Przeciwległy skraj pasma nie ma już problemów z rozciągnięciem. Wysokie tony nie są niczym ograniczone, ale jednocześnie podane są w sposób nadzwyczaj delikatny i subtelny. Góra brzmi nieco jak z głośnika wstęgowego, nie ma w niej ani grama nachalności, ostrości czy ofensywności, a jednocześnie jest bardzo wyraźna i obecna. Taka prezentacja wysokich tonów znakomicie współgra z charakterem basu, bo gdyby była ona choć odrobinę bardziej mocna i zaznaczona, wpłynęłoby to na zachwianie tonalnej równowagi, rozjaśnienie i zbytnie odchudzenie przekazu.

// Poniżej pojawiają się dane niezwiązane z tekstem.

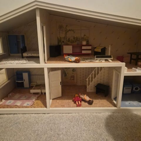 Ihana Lundby nukkekoti seuraavalle. Nukkekodin kunto on tosi hyvä. Muutamia pieni kuluman jälki. Sisätilojen on kalusteet kuuluu mukaan. Osassa enemmän leikin tuomaa kulumaa, kuten katkennut kahva. Osassa kalusteessa vähemmän.
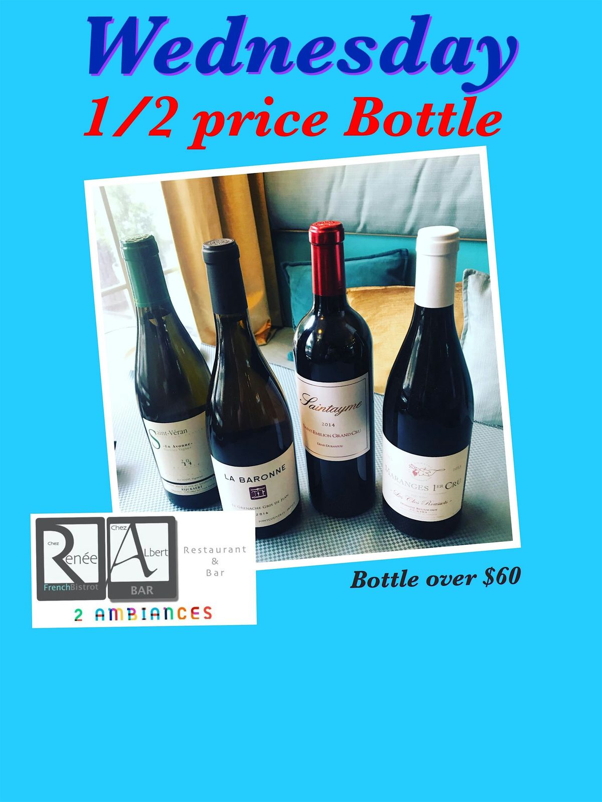 Half Price bottle Wednesday night bottle over $65

Delikatny i subtelny sposób podania wysokich tonów nie znaczy jednak, że góra jest mało czytelna czy w jakikolwiek sposób ułomna. Jest błyszcząca i skrząca się, bardzo sypka, separacja, na przykład wybrzmień talerzy perkusyjnych, robi wielkie wrażenie. Posłuchajcie najnowszej płyty gitarzysty Jokoba Bro „Streams”, na której cuda na perkusji wyczarowuje sam Joey Baron – to prawdziwe przeżycie. Jednocześnie w brzmieniu tego pasma jest bardzo dużo powietrza, pogłosowej aury i wybrzmień.

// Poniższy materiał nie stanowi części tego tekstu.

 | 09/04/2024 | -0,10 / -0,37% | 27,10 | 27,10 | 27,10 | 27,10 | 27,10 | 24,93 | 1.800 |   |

I teraz to, co między basem a sopranami – piękna, nasycona barwami i szczególikami, o czym wspominałem wcześniej, średnica. Jest minimalnie, ale dosłownie minimalne ocieplona i idealnie zszyta z basem, co powoduje, że nie odczuwamy szczupłości brzemienia związanej z niedoborem najniższego skraju pasma. Jednocześnie idealnie współgra z tonami wysokimi, tworząc z nimi kontinuum. Nie ma w niej nachalności, choć z powodu delikatności góry i ograniczenia niskiego basu wydaje się być lekko uprzywilejowana, choć nie ma mowy o zaburzeniu równowagi tonalnej. Jest po prostu najbardziej wyrazista i namacalna. I dobrze, bo to właśnie w średnicy zawsze dzieje się najwięcej.

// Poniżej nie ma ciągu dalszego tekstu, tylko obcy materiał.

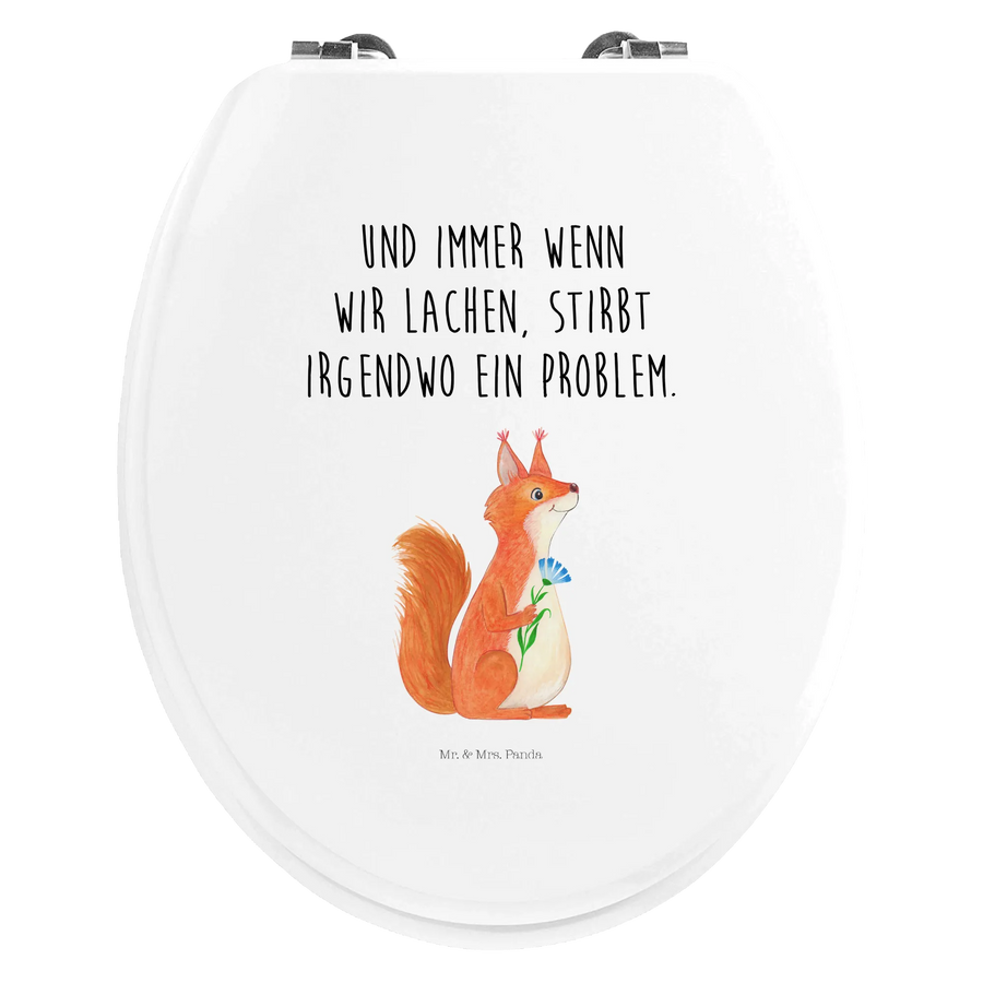 Der Motiv WC Sitz Eichhörnchen Blume von Mr. & Mrs. Panda ist mehr als nur ein praktisches Badezimmeraccessoire – er bringt eine ordentliche Portion gute Laune in dein Zuhause! Mit seinem fröhlichen Eichhörnchen, das eine Blume in der Hand hält, sorgt dieser Toilettendeckel nicht nur für höhen Sitzkomfort, sondern auch für ein Lächeln auf deinem Gesicht.

A jeśli chodzi o namacalność i bezpośredniość grania, to kolejna mocna strona monitorów Franco Serblin Lignea. I osiągnięto to bez przestrzennych sztuczek polegających na wypychaniu dźwięku do przodu. Źródła pozorne są odpowiedniej wielkości i w odpowiednich proporcjach, bardzo obecne i przykuwające uwagę, bez dystansu i wstrzemięźliwości znanej np. z Jean Marie Reynaud Euterpe Supreme (test tu). W czasie testów miałem kłopot, bo większość płyt musiałem przesłuchać przynajmniej do połowy. A to najlepiej świadczy o klasie tych kolumn.
Merging NADAC. Test referencyjnego DAC-a
Przestrzeń, tak jak już wspomniałem, jest bardzo ładnie wybudowana w głąb, pierwszy plan zaczyna się mniej więcej na linii głośników i muzyka swobodnie wybrzmiewa do tyłu. I co ważne, bez zawężania bazy stereo. Robi to kapitalne wrażenie dając słuchaczowi możliwość obcowania z muzyką absolutnie oderwaną od głośników, z wielką swobodą wypełniającą pokój odsłuchowy. Dźwięki są stabilne i precyzyjnie rozmieszczone, jest wokół nich sporo miejsca na wybrzmienia. Na scenie panuje ład i porządek, ale nie jest zimny „pruski ordnung” i zamykanie każdej nuty w osobnej bańce i separowanie od innych. One żyją razem, wpływają na siebie, współistnieją.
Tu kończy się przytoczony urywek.